It is now just a matter of hours before I turn 30.
I did not expect such an emotional rush. I've anticipated tomorrow for a good while.
Thirty.
Official adulthood.
Midlife.
Where am I?
Professionally, I'm working more and making less money than I have in over eight years (not counting my time at Red Letter 9). I have
gray hair that wasn't there 18 months ago. I'm keenly aware of stress buildup in my shoulders and fat buildup on my belly.
Health-wise, I can't imagine being less active. Although, I am able to type rather quickly (and without looking).
Emotionally and mentally, I am improved. I am more like a man than I ever have been. I do see the world more clearly than I ever have. Clarity means a lot.
Spiritually, I understand a great deal more. I am convicted about a great deal more. Most importantly, I am gracious about a great deal more.

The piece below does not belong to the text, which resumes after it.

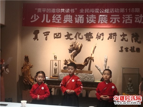 4月29日下午,在第28个世界读书日来临之际,由中国散文学会、陕西关工委、陕西省作家协会、贾平凹文化艺术研究院、陕西省少年儿童文化研究会联合主办,西安汉苑阁国学馆承办的“贾平凹邀您共读书”全民阅读公益活动第118期--少儿经典诵读展示活动在西安酱豆书屋成功举办。西部新闻网联合多家媒体重磅聚焦本次活动。
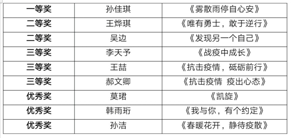 本次大学生心理健康教育宣传月活动,在新冠疫情这样一个特殊时期,以线上的方式对学生进行心理疏导和排解,将心理健康知识融入各类线上活动,使学生在参加活动的过程中,了解自身当前的心理健康状况,找到消除心理忧虑的具体途径,树立疫情期间正确的心理观念,提升大学生心理健康素质。相信经此一“疫”,同学们会拥有更强大的内在力量,变得更懂感恩、更加坚强。

In all things I lack discipline.
So what now? What next? There is something critical to me about this next phase in life. Jesus began his ministry at age 30.
I have no plan, no clear vision. In a special way I am without purpose. In a general way, I am purposeful.
I want to love my wife.
I want to raise my daughter.
I want to create. I want to serve.
My prayer at age 30 is this:
Teach me your way, O Lord;
Make my paths straight.
Light in me the fire that is your Spirit,
That I may burn with life...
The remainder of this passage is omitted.